Example 8 A crystalline ethylene-propylene binary random copolymer having a crystalline melting point (Tm) of 157 ° C., an ethylene copolymerization ratio of 0.5% by weight, and an MFR of 7.0 g / 10 min was used. A film was prepared according to Example 1. The characteristics of the obtained film are shown in Table 2. As is clear from Table 2, the obtained film has good slip properties, blocking properties, and scratch properties.

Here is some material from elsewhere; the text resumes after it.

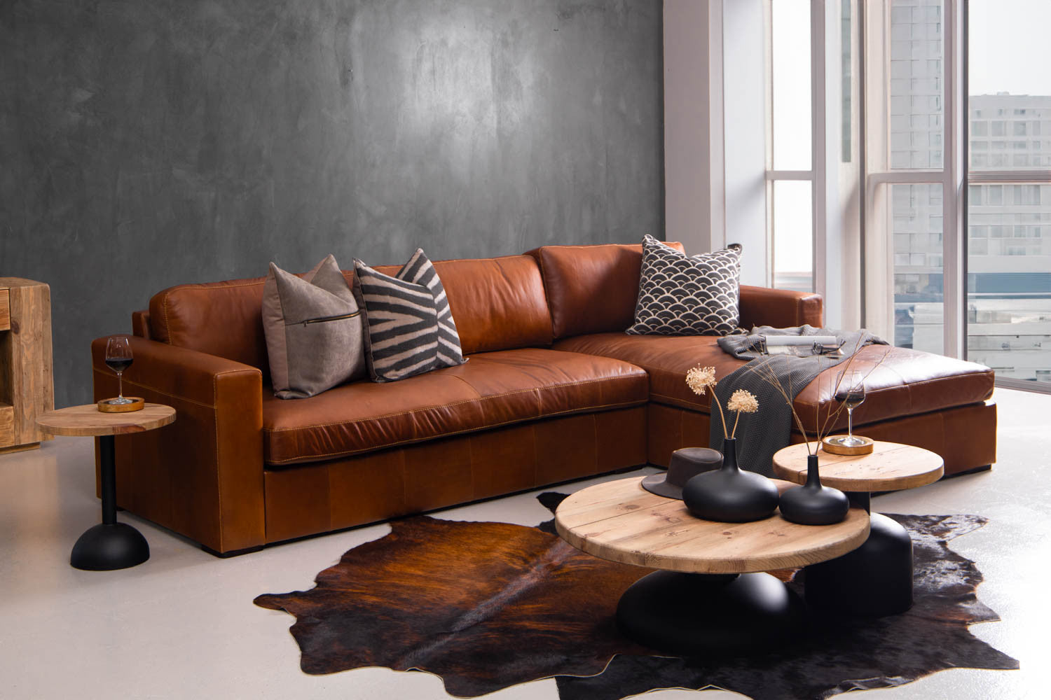El sofá de cuero en forma de L de Archer es una adición premium a su espacio de vida o entretenimiento.

Comparative Examples 4 to 8 Crystal melting point (Tm) 137 ° C., ethylene copolymerization ratio 3.0% by weight, butene-1 copolymerization ratio 1.2% by weight, MFR 7.0 g / 10 min. Example 1 except that 100 parts by weight of the crystalline ethylene-propylene-butene-1 terpolymer of Example 1 was blended with additives as described in Table 1 below.
A film was prepared according to the above (however, Comparative Example 4 was not added). The characteristics of the films obtained in each comparative example are shown in Table 2. As is clear from Table 2, the obtained film is inferior in slip properties, blocking properties or scratch properties.

[0019]

EFFECT OF THE INVENTION Since the polypropylene film of the present invention uses a specific amount of specific spherical particles of magnesium silicate, it has excellent properties of transparency, slip property (slip property), blocking resistance and scratch property. There is. Also,
Compared with the conventionally used anti-blocking agent silica and the film using synthetic zeolite, it is excellent in all properties such as slip property (slip property), blocking resistance and scratch property.

[0020]

[Table 1]

[0021]

[Table 2]

Claims (2)

[Claims] 1. 100 parts by weight of crystalline propylene copolymer, average particle size 0.5 to 7 μm, magnesium oxide content 40% by weight or less, sphericity (Fx) 0.7 or more, BE
A polypropylene film comprising a composition in which 0.01 to 1 part by weight of spherical fine particles of magnesium silicate having a specific surface area of 500 m ² / g or more and an oil absorption of 150 ml / 100 g or less according to the T method are blended. 2. The polypropylene film according to claim 1, wherein the crystalline propylene copolymer is a crystalline propylene-α-olefin copolymer having a propylene component of 80% by weight or more and a crystal melting point of 150 ° C. or less.